I didn’t understand what was wrong with these people. Someone’s job on the first date – anyone’s job, not just women – was to be cool, breezy, funny. Be a little charming, but not too nice to where you came off as overly available and desperate. You were putting off the best possible impression of yourself – the “you” that existed in your dreams. Meanwhile, these girls had me afraid they were going to chase me off with an axe if I so much as deflected their questions about how many children I wanted. Was every single girl in Manhattan this crazy?
And also: was I contributing to all this? When I created Spark, all I thought I was doing was fulfilling a need. But was I hastening our downfall? Was I creating a generation of moral-less sluts? How could any of us know who we were, when we were sending out thousands of little pieces of ourselves every day on Match?
I was ashamed to say that I even started missing Nicole, the daughter of Satan herself.
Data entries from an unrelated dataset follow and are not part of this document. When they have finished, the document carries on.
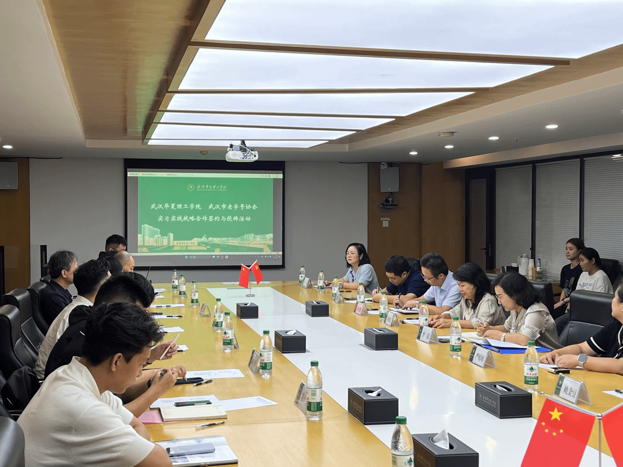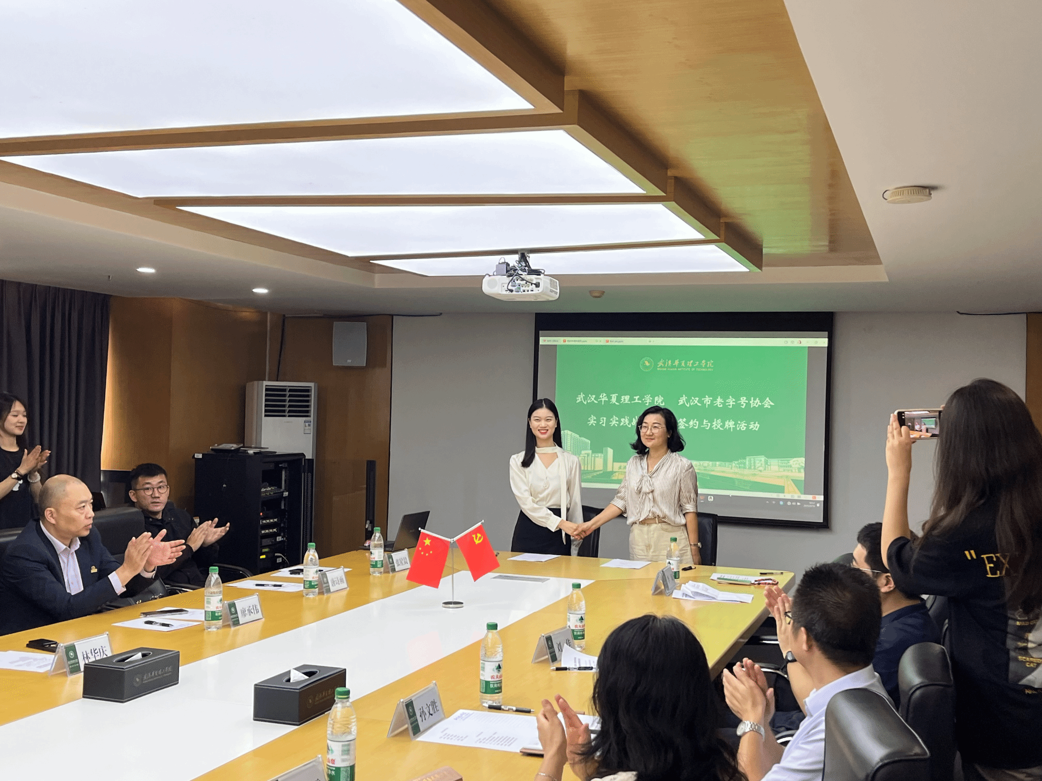 9月19日上午,武汉华夏理工学院商学院与武汉老字号协会实习就业基地签约仪式顺利举行。此次合作由商学院工商管理专业全程牵头推动,以工商管理(新媒体运营)、工商管理(智慧供应链)为核心方向,旨在打通“教学——实践”衔接通道,为专业人才培养搭建产教融合新载体。
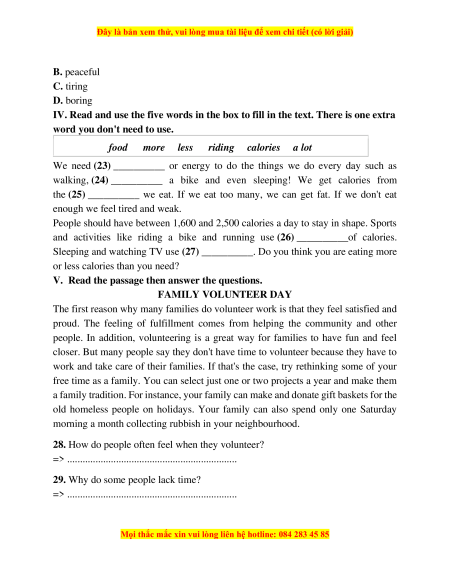 V. Read the passage then answer the questions. FAMILY VOLUNTEER DAY
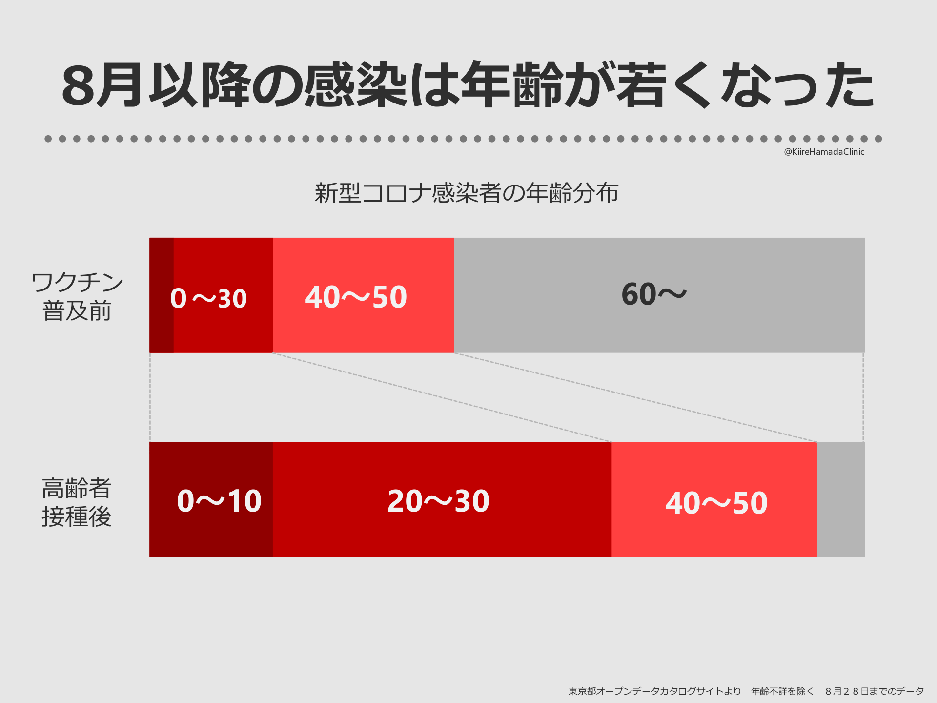 #60. 8月以降の感染は年齢が若くなった @KiireHamadaClinic 新型コロナ感染者の年齢分布 ワクチン 普及前 高齢者 接種後 0〜30 0〜10 40〜50 20〜30 60〜 40〜50 東京都オープンデータカタログサイトより 年齢不詳を除く 8月28日までのデータ

But then I’d take myself back to that place, that hell, that she’d created with her secrets, her lies, her deceit. I didn’t care that she was gay, I cared that she left me. She’d made purgatory explode in front of me, and I never wanted to feel like that again. She wasn’t coming back, and I had to live with that.
All this was on the outskirts of my brain as I sat in a downstairs private dining room at Buddakan a full twenty-five minutes after my scheduled date time. I was supposed to drop by some charity event at the Whitney Museum later to drum up some publicity for Spark, and I was starting to get seriously annoyed. Where was this girl? And who did she think she was, making me wait like this? Making anyone wait like this? Didn’t she respect other peoples’ time?